Matter of New York City Asbestos Litig.
2005 NY Slip Op 10215 [24 AD3d 375]
December 29, 2005
Appellate Division, First Department
Published by New York State Law Reporting Bureau pursuant to Judiciary Law § 431.
As corrected through Wednesday, February 15, 2006


In the Matter of New York City Asbestos Litigation. Christine Wiegman, Individually and as Administratrix of the Estate of Daniel Tucker, Deceased, Respondent,
v
A C & S, Inc., et al., Defendants, and Lincoln Electric Company et al., Appellants. Angel Gomez, Respondent, v A C & S, Inc., et al., Defendants, and Lincoln Electric Company, Appellant.

[*1]

Judgment (Gomez) and revised judgment (Wiegman), Supreme Court, New York County (Louis B. York, J.), respectively entered June 15 and August 26, 2004, which awarded plaintiffs damages after a jury trial, unanimously affirmed, without costs.

Defendants-appellants' claim that a Frye hearing should have been held is without merit. The link between asbestos and disease is well documented, and the parties merely differed as to whether the asbestos contained in this particular product could be released in respirable form so as to cause disease. Since the parties argued over causation, no novel scientific technique or application of science was at issue, and a Frye hearing was not warranted (Gayle v Port Auth. of [*2]N.Y. & N.J., 6 AD3d 183 [2004]).

Dr. Victor Roggli was called by defendant Crane to testify in the Perkins case without objection by defendants Hobart and Lincoln. He gave testimony about exposure to asbestos gaskets and materials manufactured by Crane, during a different time period. He gave no testimony regarding the plaintiffs in Gomez and Tucker and did not testify concerning welding rods.

In a joint trial, cross-examination of a witness in a separate case may be precluded.

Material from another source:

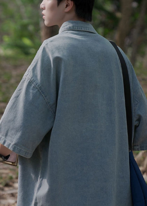 Vintage Hellblau Peter Pan Kragen Knopftaschen Denim Shirts Herren Sommer
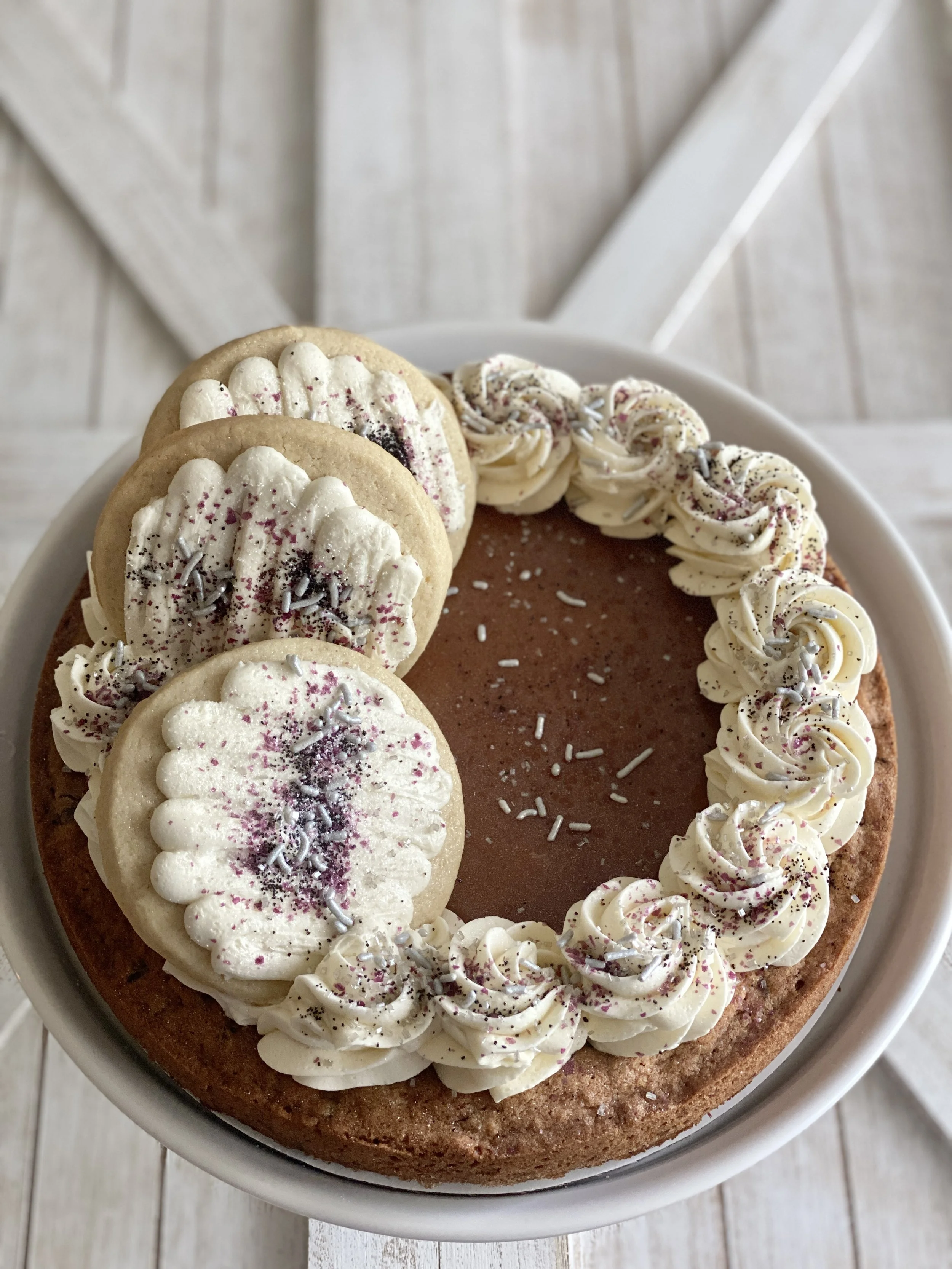 Salted Caramel Chocolate Chip Cookie Cake with Sugar Cookies

This case does not warrant a deviation from that principle. Here, the court gave limiting instructions, reminding the jury that Dr. Roggli's testimony related only to the Perkins case. Dr. Roggli was not, per se, an adverse witness to defendants, and his testimony was not in direct contravention of defendants' expert. It was not error to preclude cross-examination of him by defendants.

Defendants' remaining contentions are without merit. Concur—Tom, J.P., Marlow, Ellerin, Sweeny and Catterson, JJ.